Na residência do dono da GAS, Glaidson Acácio dos Santos (imagem), preso no início da manhã no bairro de Itanhangá, Zona Oeste do Rio, foram encontrados R$ 20 milhões em espécie. Por suas contas passaram cerca de R$ 2 bilhões em curto espaço de tempo. Os agentes também apreenderam na dólares, euros, barras de ouro e pelo menos de luxo. Glaidson prometia lucros de 10% ao mês nos investimentos em bitcoins, mas a empresa sequer reaplicava os aportes de investidores em criptomoedas. Ou seja, enganava duplamente os clientes. As autoridades apuraram que o dono da GAS sequer atuou na área financeira e só há registro de seu trabalho como garçom. Um segundo suspeito de envolvimento foi detido no aeroporto de Cumbica tentando viajar para a República Dominicana.

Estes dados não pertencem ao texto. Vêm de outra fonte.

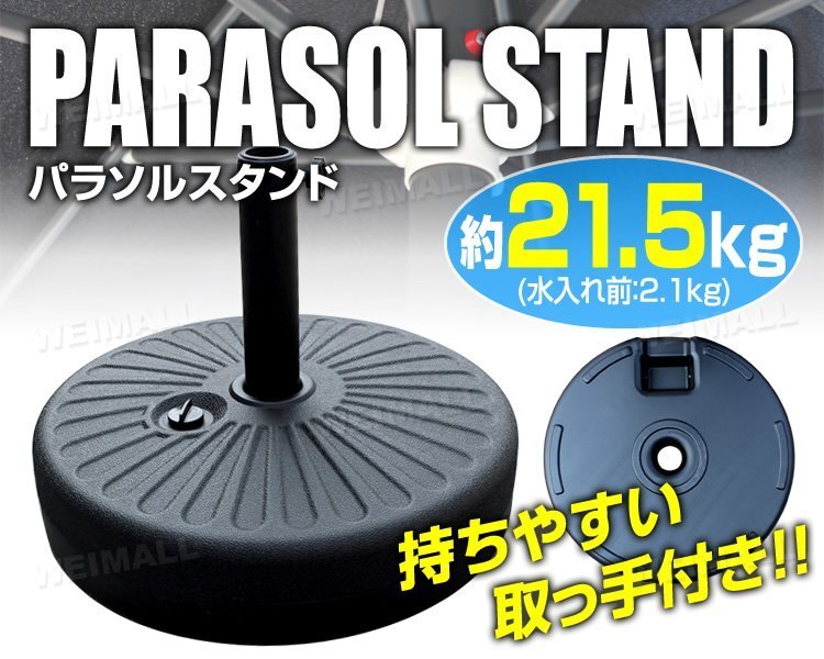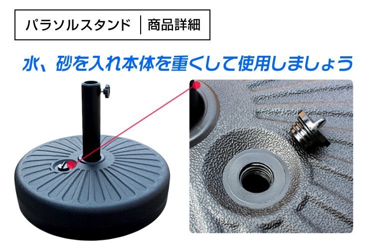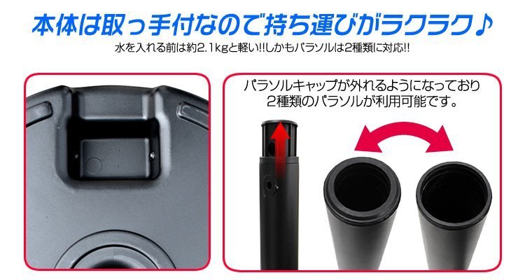 パラソルベース 注水式 中に水を入れて使用するパラソルベーススタンド。 ガーデンやベランダでのパラソルの使用でオススメ! 使用後は中の水を抜けば軽くなるので持ち運びにも便利です。 本体は取っ手付きなので持ち運びがラクラク! ポール受けキャップは本体に収納できます。 パラソルスタンド以外にも、のぼり等のスタンドに最適! |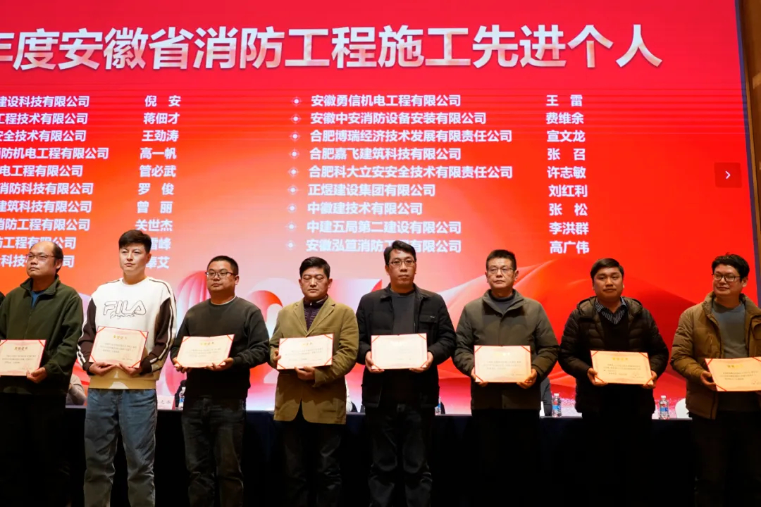 出席会议的领导为2024年度消防工程优秀施工企业、消防施工优秀项目经理、消防施工先进个人、消防技术服务优秀企业、消防技术服务先进个人、物业消防安全管理先进单位和保安消防安全管理先进单位以及优秀注册消防工程师、协会工作先进个人和协会特别奖获得者颁发奖状和证书。

O esquema era baseado na oferta pública de contrato de investimento, sem prévio registro nos órgãos regulatórios. Segundo a Polícia Federal (PF), a empresa especulava no mercado de criptomoedas, com uma previsão insustentável de retorno financeiro sobre o valor investido. O grupo criminoso tentava ocultar suas atividades e sequer fazia uso de endereço fantasma e telefones para contato.

“Nos últimos seis anos, a movimentação financeira das empresas envolvidas nas fraudes apresentou cifras bilionárias, sendo certo que aproximadamente 50% dessa movimentação ocorreu nos últimos 12 meses”, informou a PF.

Os mandados, expedidos pela 3ª Vara Federal Criminal do Rio de Janeiro, estão sendo cumpridos em São Paulo, no Rio de Janeiro, Ceará e Distrito Federal. A investigação contou com apoio do Ministério Público Federal (MPF) e da Receita Federal.